### Data shown
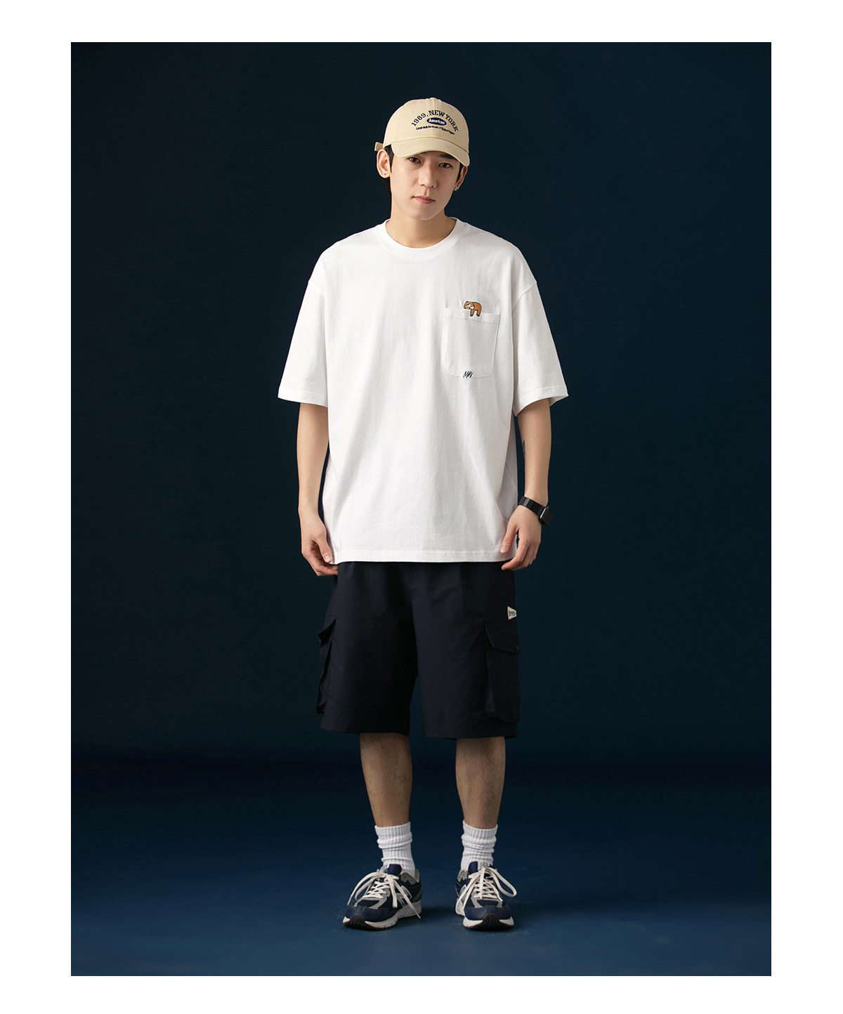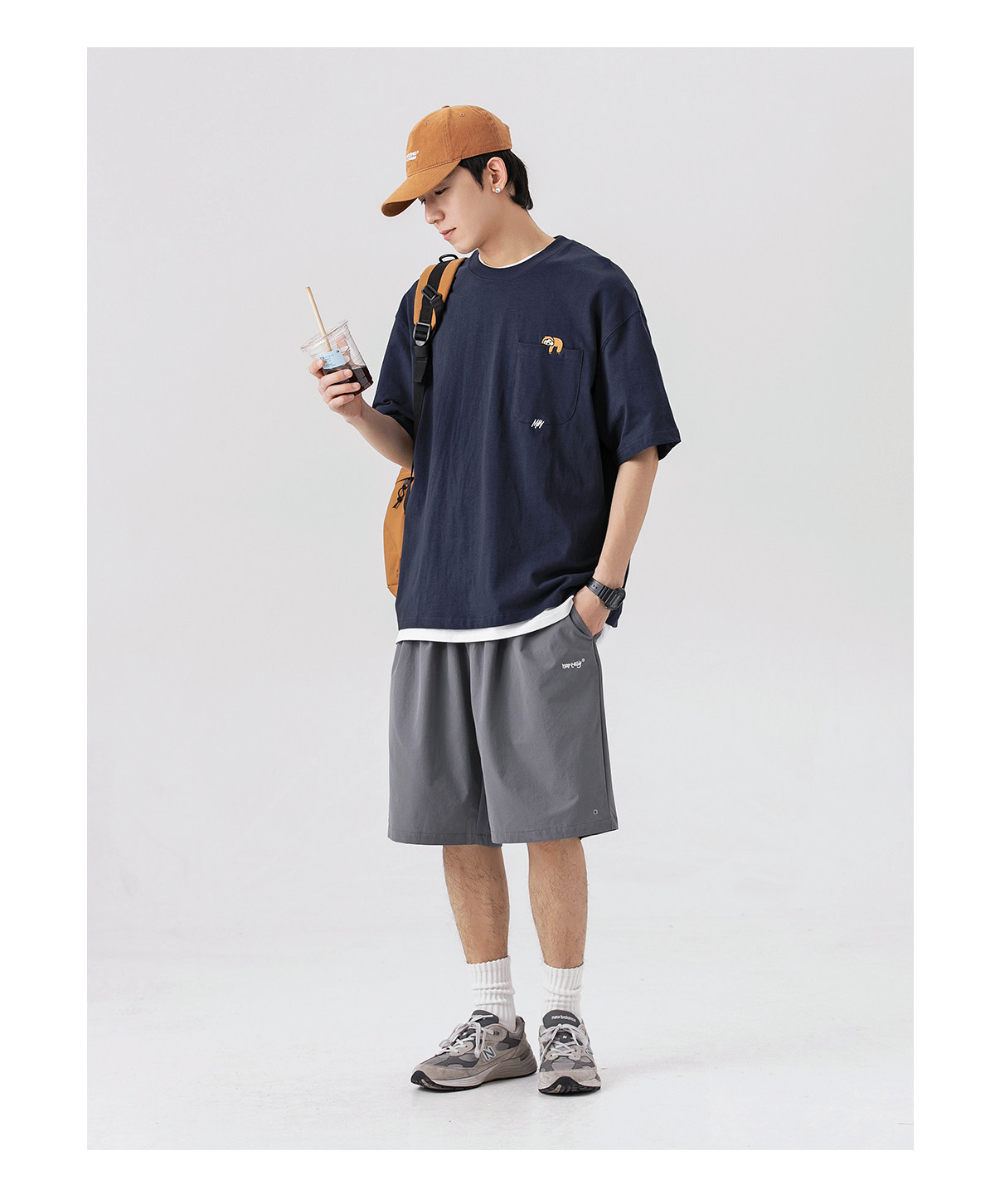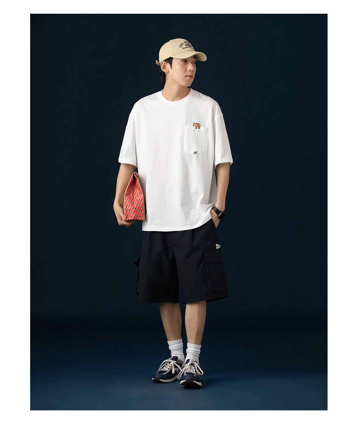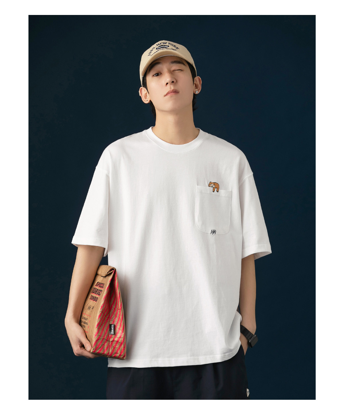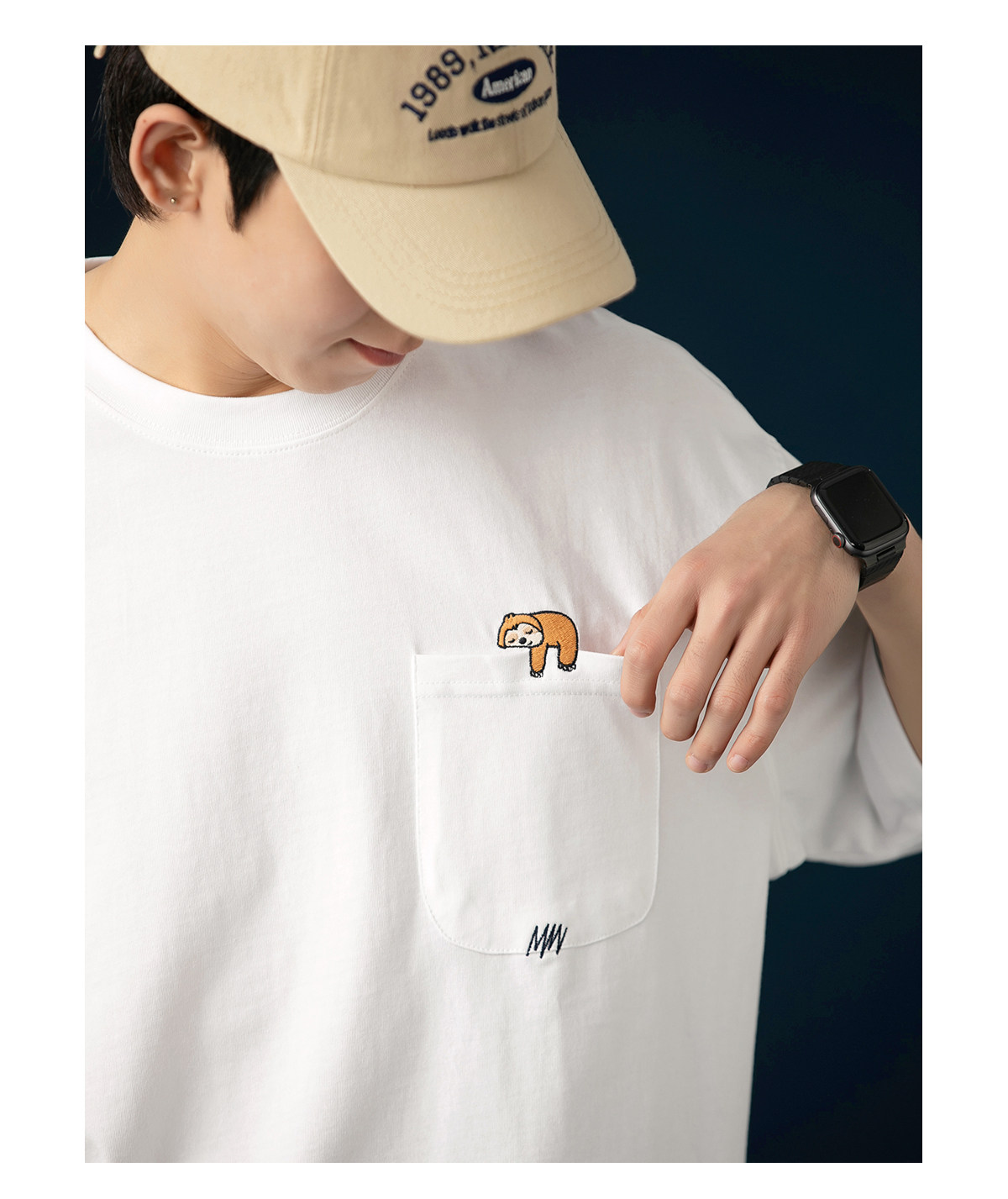 250G雙紗 夏季純棉短袖T恤男卡通刺綉短tee潮牌百搭休閒體恤衫男
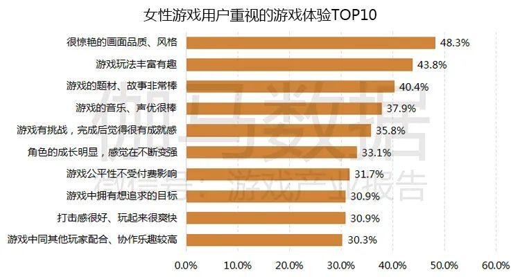 有意思的是,对于男女用户的调研发现,除了都特别重视“画面品质和风格”外,男女关注的点颇有不同。男性显然更重视“公平性”“竞技性”,最不在乎“音乐”,女性用户则更看重“有趣”和“故事好”。
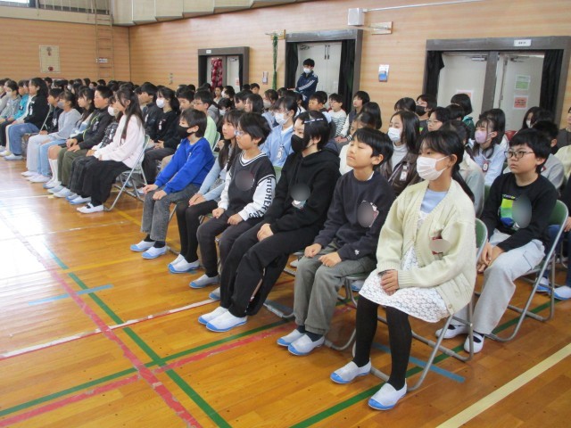 2時間目に5・6年生合同で卒業式の練習を行いました。
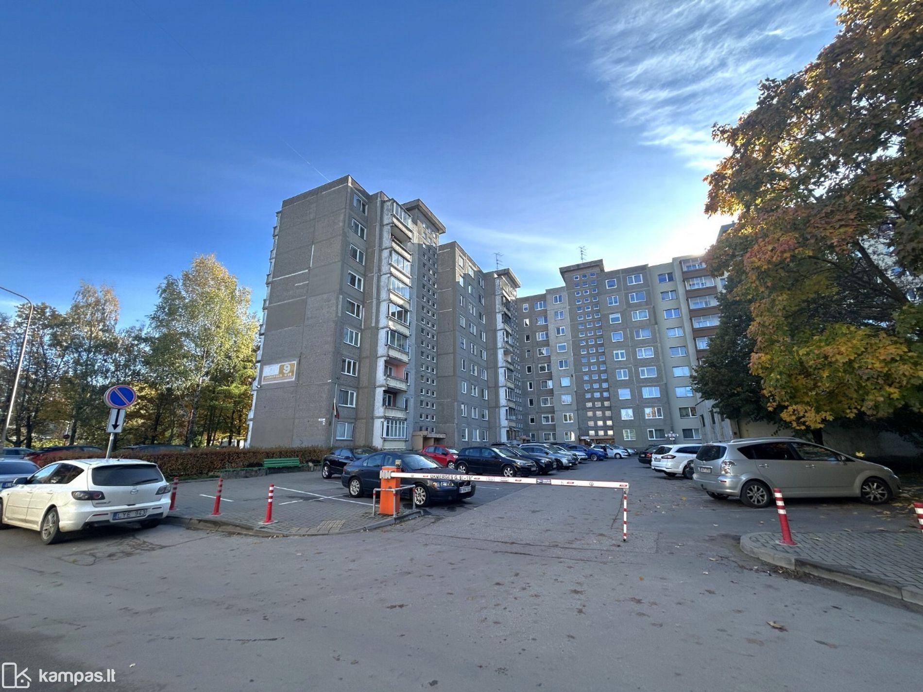 Kieme įrengtos dvi automobilių parkavimo aikštelės su įvažiavimo užtvaru.
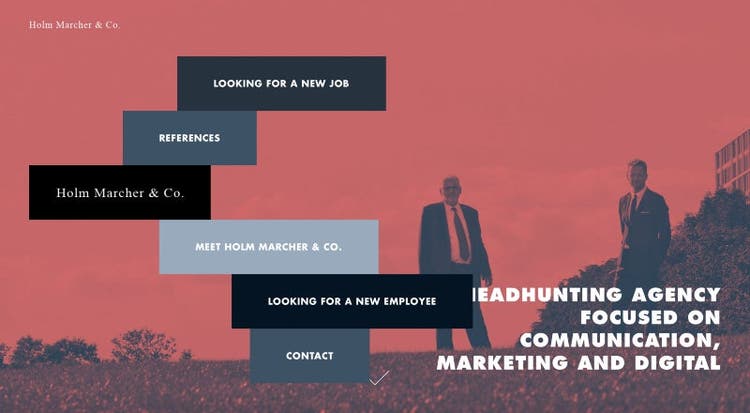- Soft and modest combinations of colors create a serious atmosphere. In Holm Marcher & Co, shown below, every detail contributes to the businesslike atmosphere, and the background image is no exception.
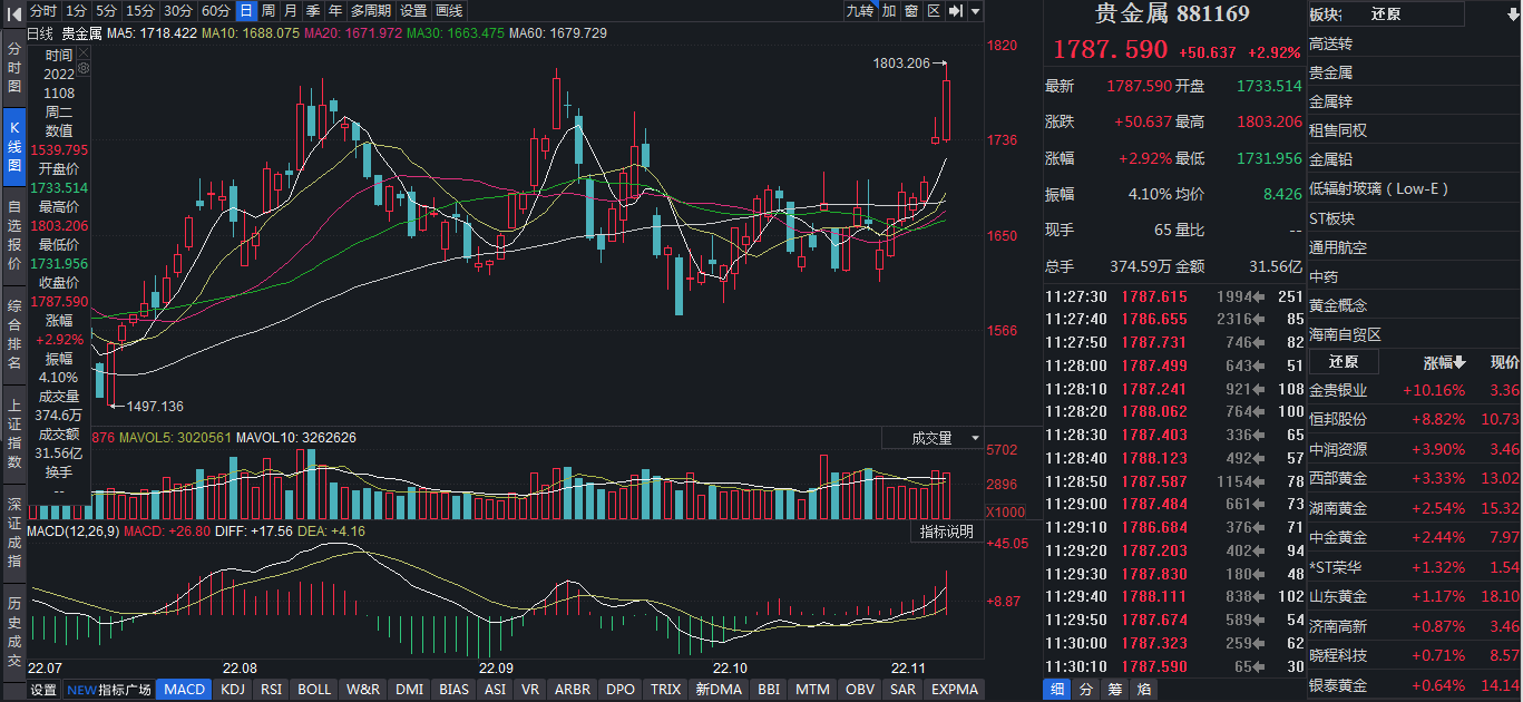 在貴金屬價格上行帶動下,A股貴金屬板塊也比較強勢。11月8日,截至11:30,同花順貴金屬行業板塊上漲2.92%,位居同花順行業漲幅榜榜首。個股方面,金貴銀業漲停。
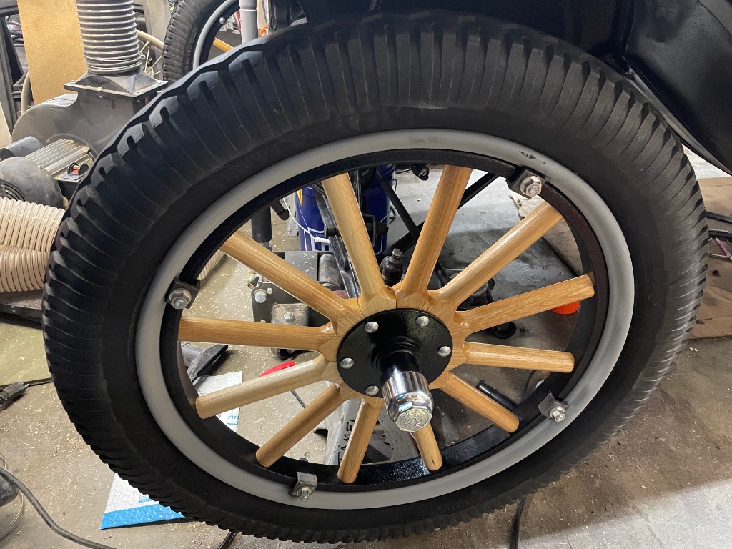 I had a busy winter working on the 22 runabout PU. I moved the body back 3/4 of an inch to the correct location, put new bearings in the front end, new seals an outer bearings in the rear end, along with rebuilding the parking brakes, made brake/running light mounts and installed the lights and brake light switch, installed the engine pans and carb heater, installed a battery horn, installed 5-1 steering guts and rebushed the lower steering bracket, installed Apco steering ends, a new steering arm, and tie rod ball, made a mount for my klaxon horn that goes on the spare tire mount, installed an exhaust whistle and cutout, rebuilt the wheels with matching Kelsey removable clip felloes and rims, installed a speedo drive gear, ordered 2 new tires to make a matching set (in transit), installed a sliding adjuster on my Rocky Mountain brakes, made a fat lady brace, made a new starter cable, repaired the battery bracket, painted the head and exhaust manifold, replaced the freeze plugs, replaced the pins in the hood, made new floorboards and a panel under the seat, installed a steering column brace, and bought all the parts to install a speedometer. The cable and a new head are on order and will go on when they come in.
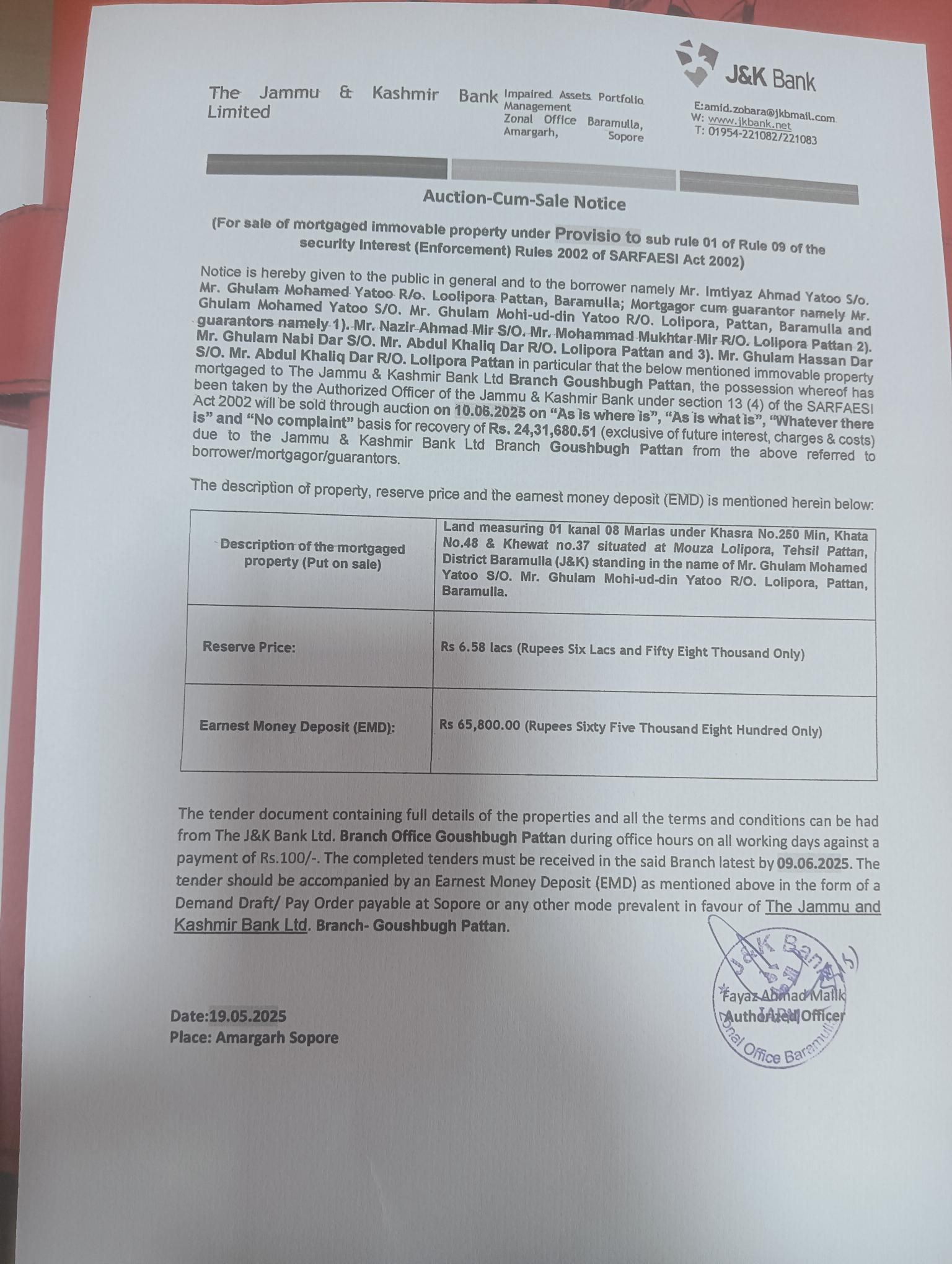 Land Auction Notice: M/S Ab Khaliq Ab Rashid of BU Main Bazar Sopore
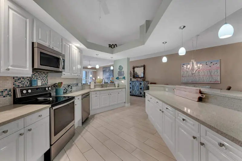 Welcome to this spectacular, beachy waterfront property in the heart of North Naples. This stylish first floor (second level) residence offers a coastal vibe and boasts stunning bay and gulf views from huge east and west facing lanais, perfect for catching both sunrise and sunset! The wide bay view overlooks three intersecting canals. The upgraded master faces the bay with huge separation from the two guest en-suite bedrooms that face the gulf. The den is hidden discreetly down the hallway from the primary bedroom. The interior features upgraded appliances, new flooring, renovated primary bath and beautiful kitchen counter tops. Also decorator shutters and electric storm shutters for added peace of mind. Amenities include a pool, two tiki huts, under building parking and extra storage for beach chairs making it a true waterfront paradise. Located across from the beach (public beach access across the street,) walking distance to La Playa and close to both the Ritz Carlton and Mercato, this home combines luxury and convenience for the Ultimate Naples Lifestyle!
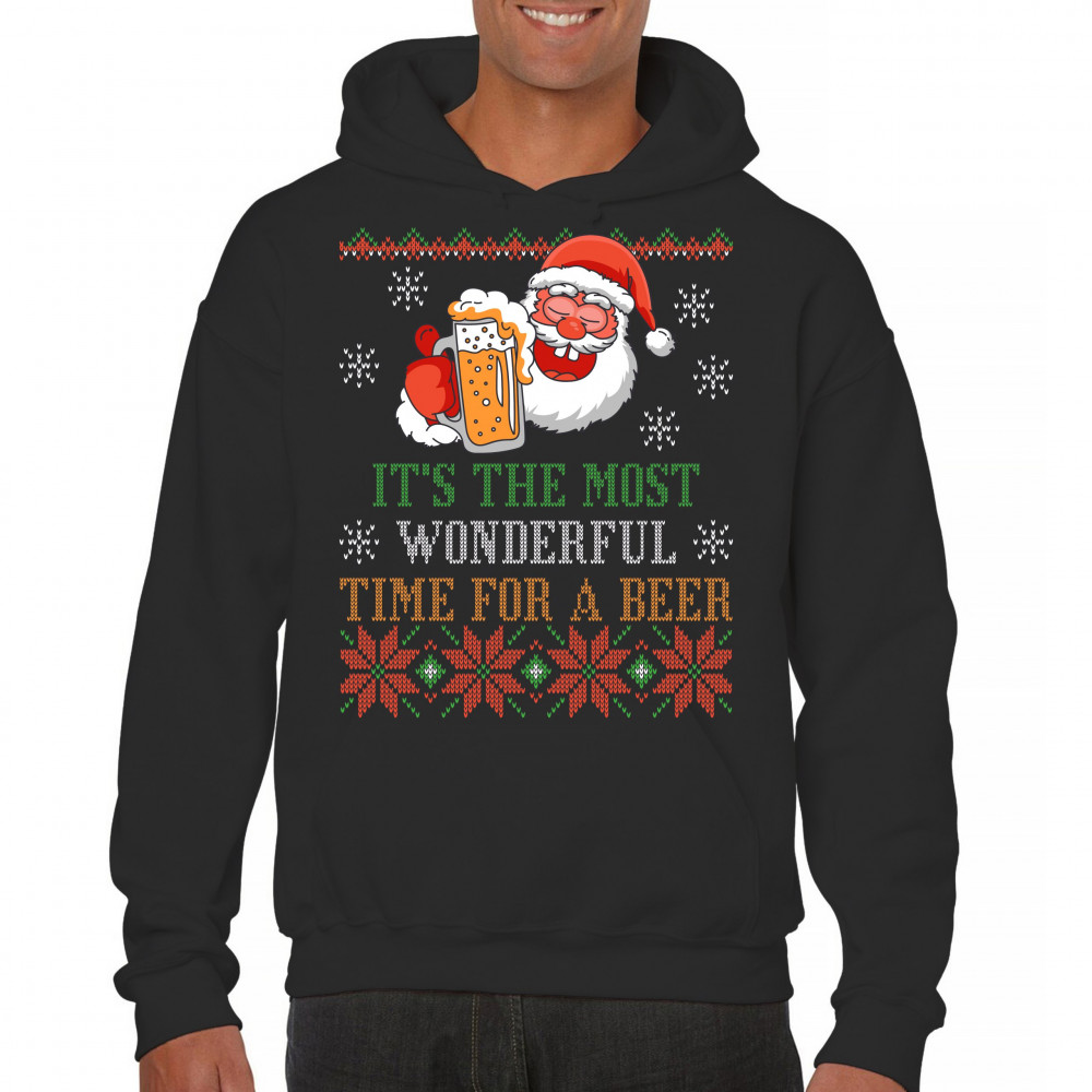 A print saying: "It's the Most Wonderful Time for a Beer" and featuring Santa Claus holding a glass of beer. The print is designed as an ugly sweater. Amazing choice for a single person who wants to make people smile and spread positive vibes on Christmas

### Task brief
Please copy the lines above exactly, starting at the line that holds "I had a busy" and ending at the line that holds "Land Auction Notice: M/S"; include both, but no pictures.

### Problem solution
 I had a busy winter working on the 22 runabout PU. I moved the body back 3/4 of an inch to the correct location, put new bearings in the front end, new seals an outer bearings in the rear end, along with rebuilding the parking brakes, made brake/running light mounts and installed the lights and brake light switch, installed the engine pans and carb heater, installed a battery horn, installed 5-1 steering guts and rebushed the lower steering bracket, installed Apco steering ends, a new steering arm, and tie rod ball, made a mount for my klaxon horn that goes on the spare tire mount, installed an exhaust whistle and cutout, rebuilt the wheels with matching Kelsey removable clip felloes and rims, installed a speedo drive gear, ordered 2 new tires to make a matching set (in transit), installed a sliding adjuster on my Rocky Mountain brakes, made a fat lady brace, made a new starter cable, repaired the battery bracket, painted the head and exhaust manifold, replaced the freeze plugs, replaced the pins in the hood, made new floorboards and a panel under the seat, installed a steering column brace, and bought all the parts to install a speedometer. The cable and a new head are on order and will go on when they come in.
 Land Auction Notice: M/S Ab Khaliq Ab Rashid of BU Main Bazar Sopore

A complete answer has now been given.